● Task instructions
From the listing below, retype exactly the line holding "Enhance your home", the line holding "Duisburg var et", and the lines between them; skip everything else.

● Data provided
━━━━
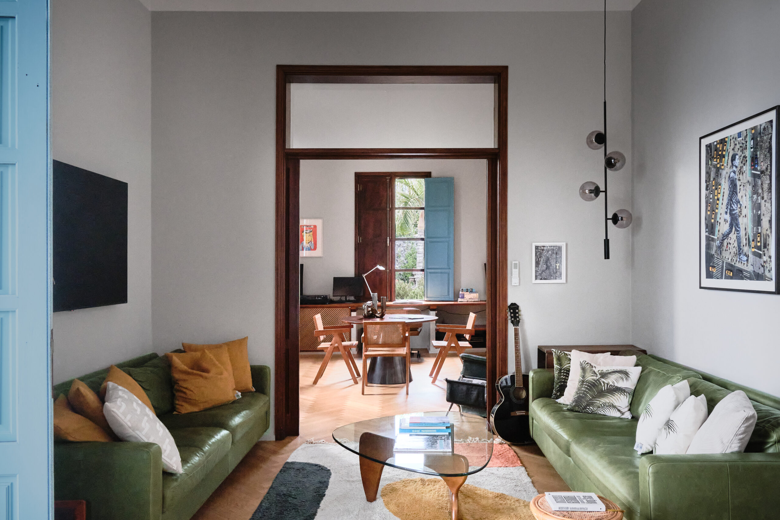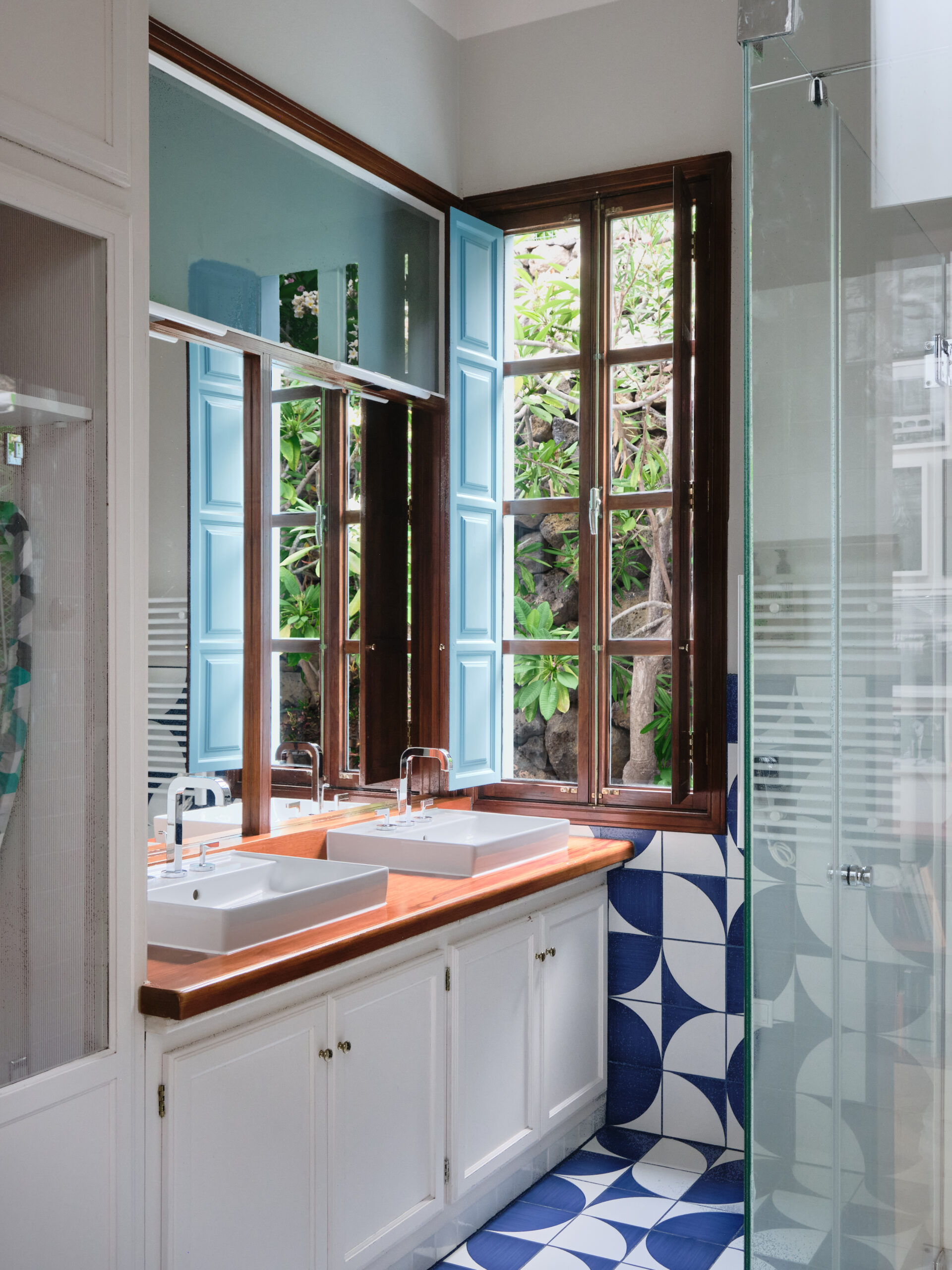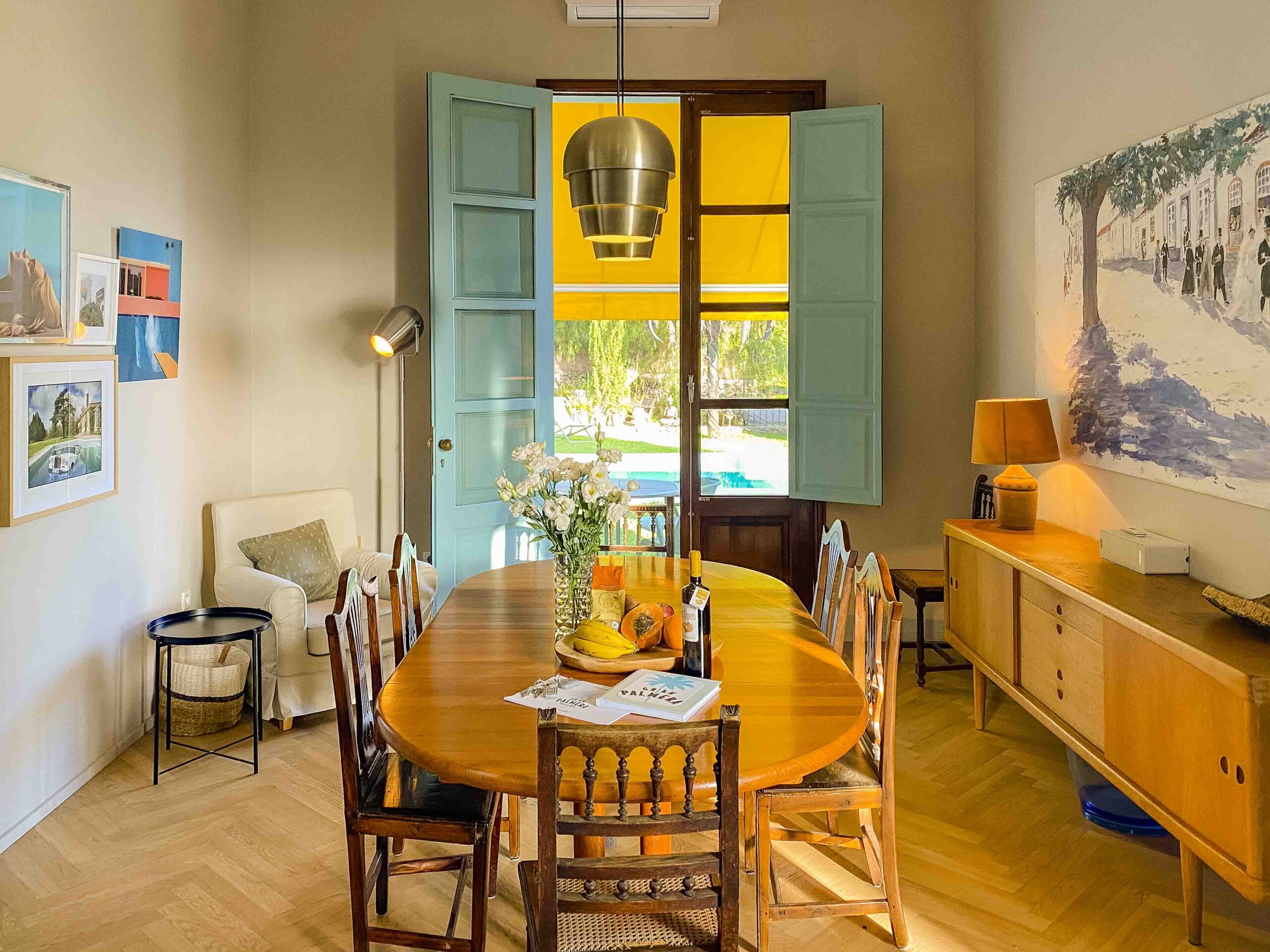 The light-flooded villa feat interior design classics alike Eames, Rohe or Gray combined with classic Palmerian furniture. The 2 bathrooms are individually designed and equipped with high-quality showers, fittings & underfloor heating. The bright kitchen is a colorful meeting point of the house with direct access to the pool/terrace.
━━━━
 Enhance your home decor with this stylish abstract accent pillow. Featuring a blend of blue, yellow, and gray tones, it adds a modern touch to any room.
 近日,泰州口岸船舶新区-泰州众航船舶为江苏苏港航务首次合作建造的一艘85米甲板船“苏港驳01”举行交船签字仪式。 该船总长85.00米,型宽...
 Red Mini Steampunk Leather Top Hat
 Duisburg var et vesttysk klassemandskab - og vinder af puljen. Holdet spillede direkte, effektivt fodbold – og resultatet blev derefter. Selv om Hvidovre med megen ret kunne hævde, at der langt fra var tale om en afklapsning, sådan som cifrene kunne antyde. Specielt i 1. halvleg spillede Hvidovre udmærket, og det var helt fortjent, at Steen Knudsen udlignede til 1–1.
━━━━
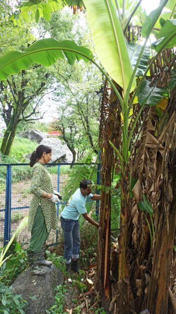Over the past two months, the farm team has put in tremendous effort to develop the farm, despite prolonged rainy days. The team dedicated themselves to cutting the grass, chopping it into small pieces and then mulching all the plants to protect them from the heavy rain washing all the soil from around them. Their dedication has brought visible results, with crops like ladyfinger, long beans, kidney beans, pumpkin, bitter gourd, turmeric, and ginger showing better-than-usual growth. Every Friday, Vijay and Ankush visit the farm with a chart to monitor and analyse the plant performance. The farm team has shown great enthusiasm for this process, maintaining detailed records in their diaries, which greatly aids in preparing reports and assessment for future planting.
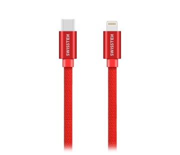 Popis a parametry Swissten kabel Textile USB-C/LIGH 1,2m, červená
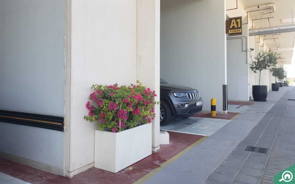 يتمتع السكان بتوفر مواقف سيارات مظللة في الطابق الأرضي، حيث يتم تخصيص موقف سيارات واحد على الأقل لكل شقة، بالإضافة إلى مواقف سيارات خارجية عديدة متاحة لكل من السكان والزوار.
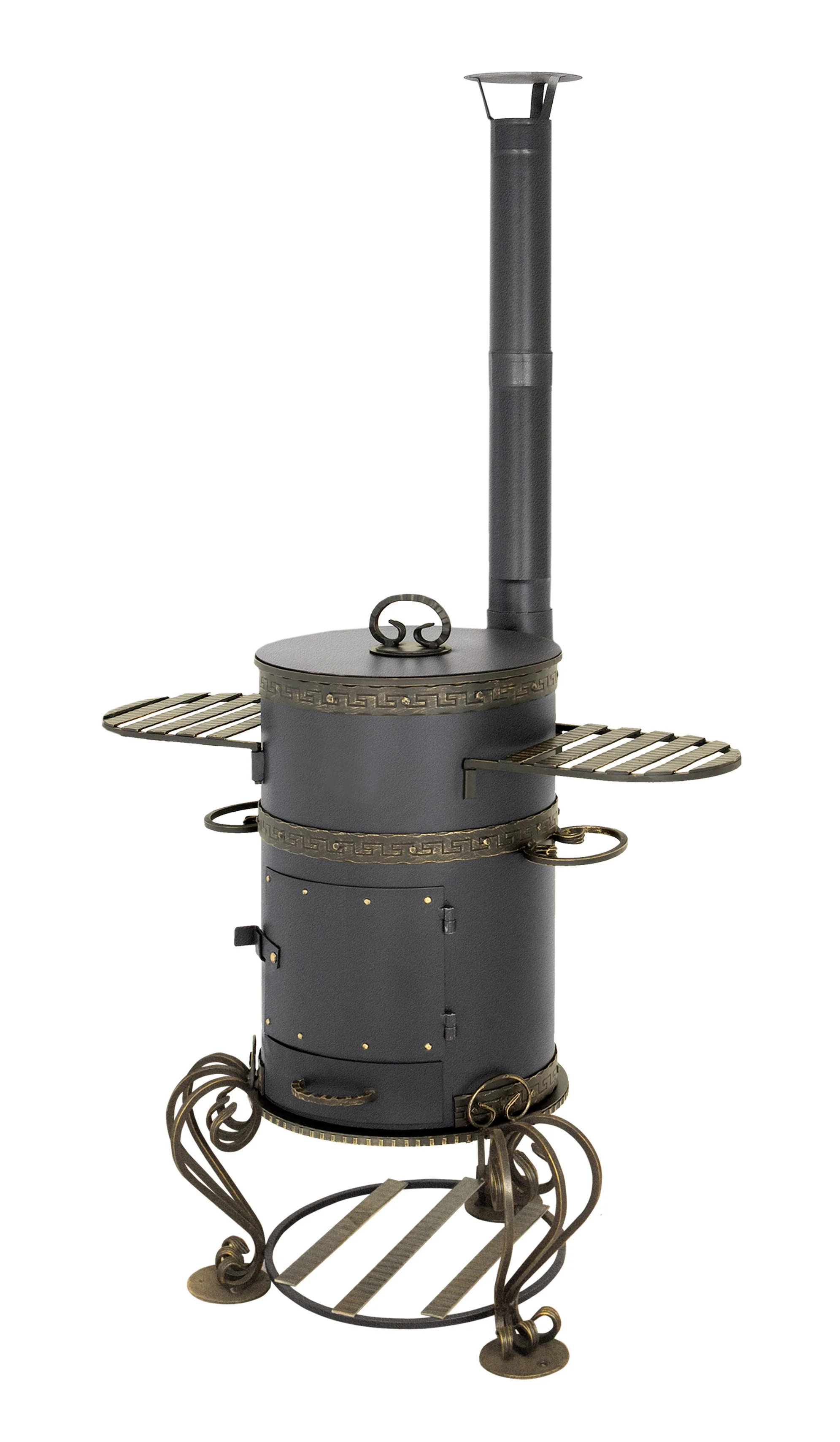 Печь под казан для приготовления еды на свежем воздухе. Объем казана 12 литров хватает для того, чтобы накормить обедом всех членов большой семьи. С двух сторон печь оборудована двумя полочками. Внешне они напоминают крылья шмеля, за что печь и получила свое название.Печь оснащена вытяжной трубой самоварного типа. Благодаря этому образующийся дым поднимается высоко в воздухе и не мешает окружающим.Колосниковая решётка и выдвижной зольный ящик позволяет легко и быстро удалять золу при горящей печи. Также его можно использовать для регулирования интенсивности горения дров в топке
━━━━
● Exercise solution
 Enhance your home decor with this stylish abstract accent pillow. Featuring a blend of blue, yellow, and gray tones, it adds a modern touch to any room.
 近日,泰州口岸船舶新区-泰州众航船舶为江苏苏港航务首次合作建造的一艘85米甲板船“苏港驳01”举行交船签字仪式。 该船总长85.00米,型宽...
 Red Mini Steampunk Leather Top Hat
 Duisburg var et vesttysk klassemandskab - og vinder af puljen. Holdet spillede direkte, effektivt fodbold – og resultatet blev derefter. Selv om Hvidovre med megen ret kunne hævde, at der langt fra var tale om en afklapsning, sådan som cifrene kunne antyde. Specielt i 1. halvleg spillede Hvidovre udmærket, og det var helt fortjent, at Steen Knudsen udlignede til 1–1.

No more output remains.